The Company is subject to certain claims and legal actions arising in the ordinary course of business. In addition, the Company’s business activities are subject to extensive governmental regulation related to public health and the environment. Litigation over environmental issues and claims of various types, including property damage, personal injury, common law nuisance, and citizen enforcement of environmental requirements such as air quality and water standards, has increased generally throughout the U.S. In particular, personal injury and other claims for damages caused by alleged exposure to hazardous materials, and common law nuisance claims for injunctive relief and property damage allegedly caused by greenhouse gas and other emissions, have become more frequent. The ultimate outcome of such pending or potential litigation against the Company and its subsidiaries cannot be predicted at this time; however, for current proceedings not specifically reported herein, management does not anticipate that the ultimate liabilities, if any, arising from such current proceedings would have a material effect on the Company’s financial statements.

 

Climate Change Litigation

Kivalina Case

In 2008, the Native Village of Kivalina and the City of Kivalina filed a lawsuit in the U.S. District Court for the Northern District of California against several electric utilities (including Southern Company), several oil companies, and a coal company. The plaintiffs allege that the village is being destroyed by erosion allegedly caused by global warming that the plaintiffs attribute to emissions of greenhouse gases by the defendants. The plaintiffs assert claims for public and private nuisance and contend that some of the defendants (including Southern Company) acted in concert and are therefore jointly and severally liable for the plaintiffs’ damages. The suit seeks damages for lost property values and for the cost of relocating the village, which is alleged to be $95 million to $400 million.

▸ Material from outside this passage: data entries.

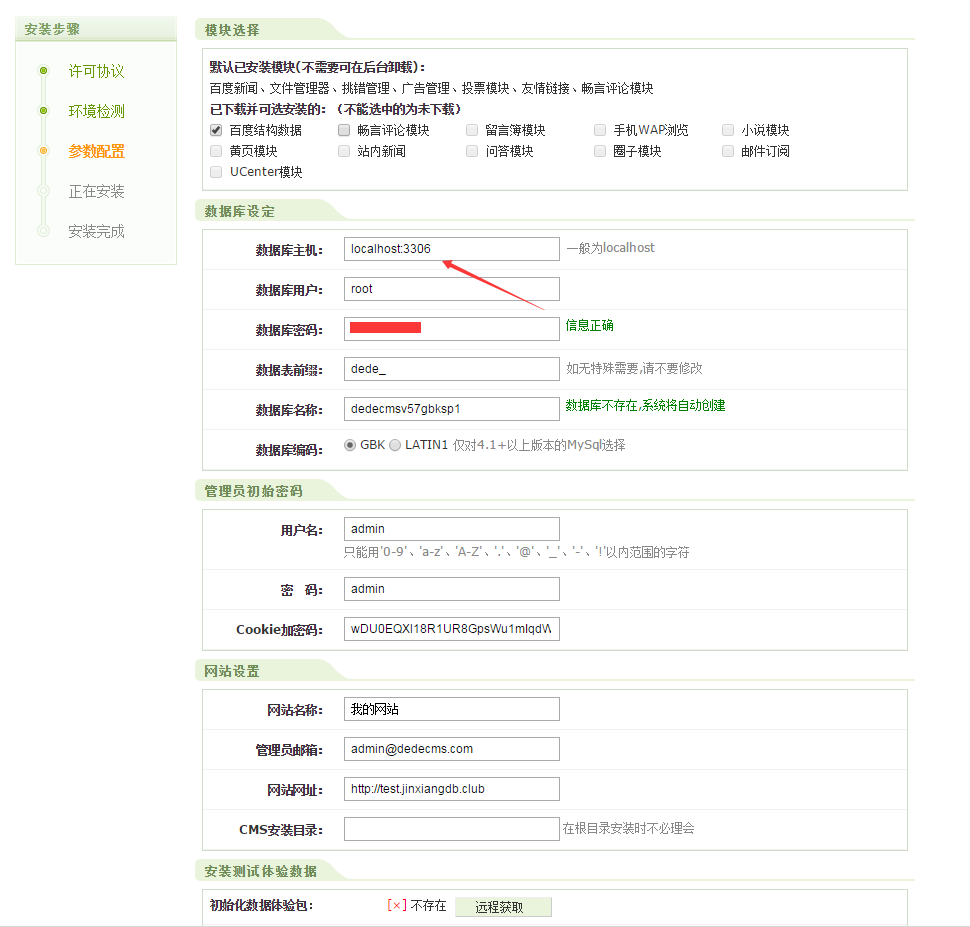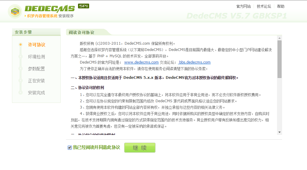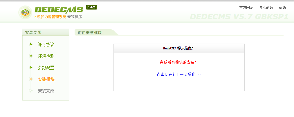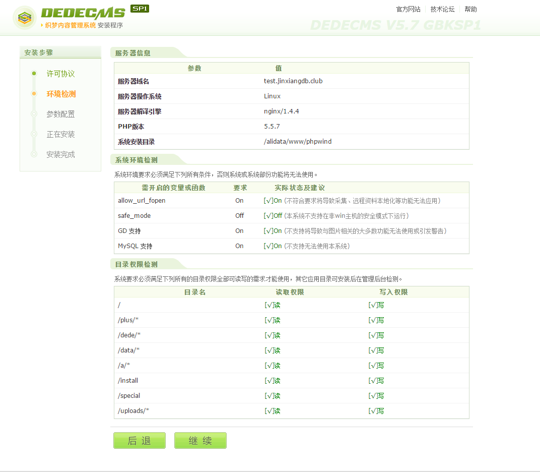 访问http://www.dedecms.com/products/dedecms/downloads/ 地址下载最新织梦安装程序。 将DedeCMS-V5.7-GBK-SP1.tar.gz 文件上传到服务器上。通过tar -zxvf命令解压文件。将uploads 文件夹下程序文件移动到站点目录下,修改目录文件夹权限。访问到安装界面。 全检测通过,点击继续 进入数据库配置页面。注意在数据库主机,添加数据库地址时添加3306端口,点击继续。 继续后就会提示安装完成。 访问主页测试
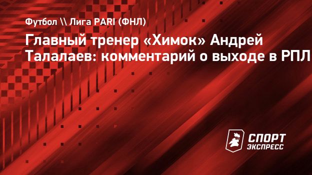 Главный тренер «Химок» Андрей Талалаев прокомментировал выход команды из первой лиги в РПЛ.
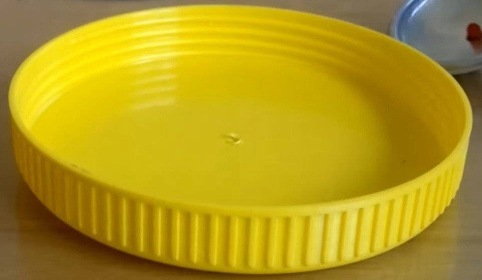 Первым делом выполняем работу с крышкой. В ней нужно проколоть отверстие. Это можно сделать аккуратно ножницами, гвоздем или шилом.
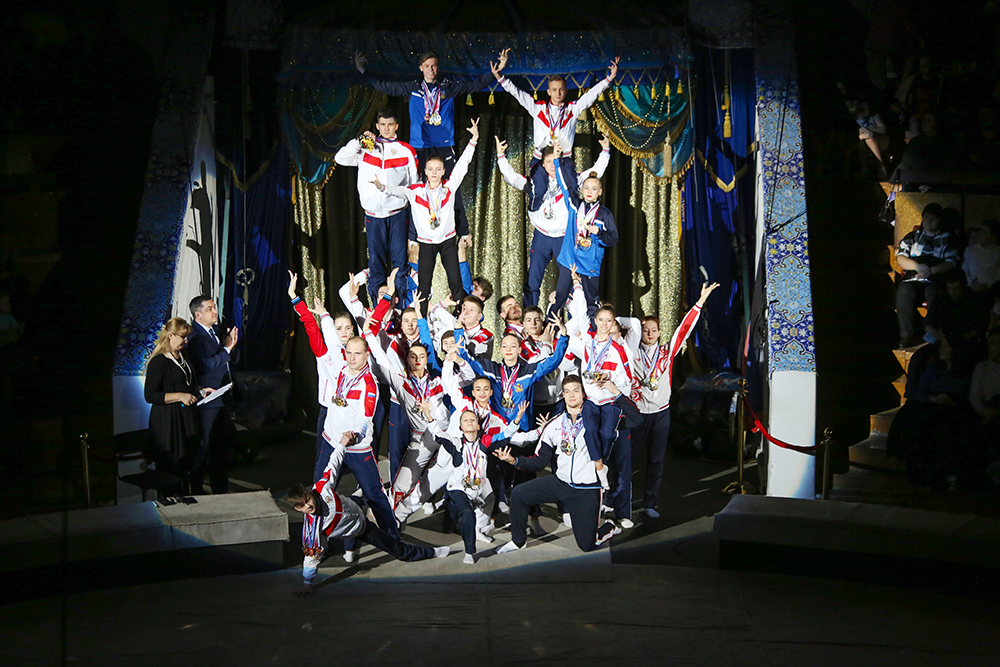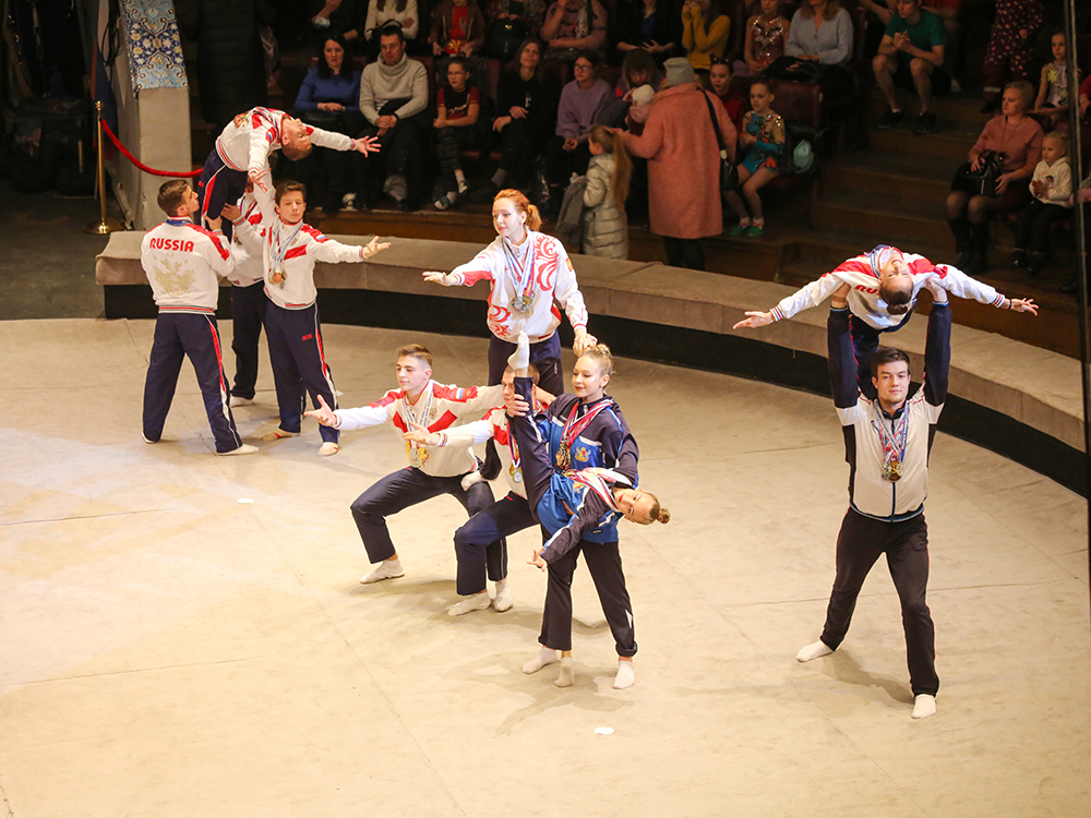 Вчера в групповых танцевальных номерах с элементами акробатики свое мастерство зрителям представили 700 акробатов и батутистов разных возрастов под предводительством 40 тренеров.

In 2009, the U.S. District Court for the Northern District of California granted the defendants’ motions to dismiss the case. The plaintiffs appealed the dismissal to the U.S. Court of Appeals for the Ninth Circuit. Southern Company believes that these claims are without merit. It is not possible to predict with certainty whether the Company will incur any liability or to estimate the reasonably possible losses, if any, that the Company might incur in connection with this matter. The ultimate outcome of this matter cannot be determined at this time.

Hurricane Katrina Case

In 2005, immediately following Hurricane Katrina, a lawsuit was filed in the U.S. District Court for the Southern District of Mississippi by Ned Comer on behalf of Mississippi residents seeking recovery for property damage and personal injuries caused by Hurricane Katrina. In 2006, the plaintiffs amended the complaint to include Southern Company and many other electric utilities, oil companies, chemical companies, and coal producers. The plaintiffs allege that the defendants contributed to climate change, which contributed to the intensity of Hurricane Katrina. In 2007, the U.S. District Court for the Southern District of Mississippi dismissed the case. On appeal to the U.S. Court of Appeals for the Fifth Circuit, a three-judge panel reversed the U.S. District Court for the Southern District of Mississippi, holding that the case could proceed, but, on rehearing, the full U.S. Court of Appeals for the Fifth Circuit dismissed the plaintiffs’ appeal, resulting in reinstatement of the decision of the U.S. District Court for the Southern District of Mississippi in favor of the defendants. On May 27, 2011, the plaintiffs filed an amended version of their class action complaint, arguing that the earlier dismissal was on procedural grounds and under Mississippi law the plaintiffs have a right to re-file. The amended complaint was also filed against numerous chemical, coal, oil, and utility companies, including the Company. The Company believes that these claims are without merit. It is not possible to predict with certainty whether the Company will incur any liability or to estimate the reasonably possible losses, if any, that the Company might incur in connection with this matter. The ultimate outcome of this matter cannot be determined at this time.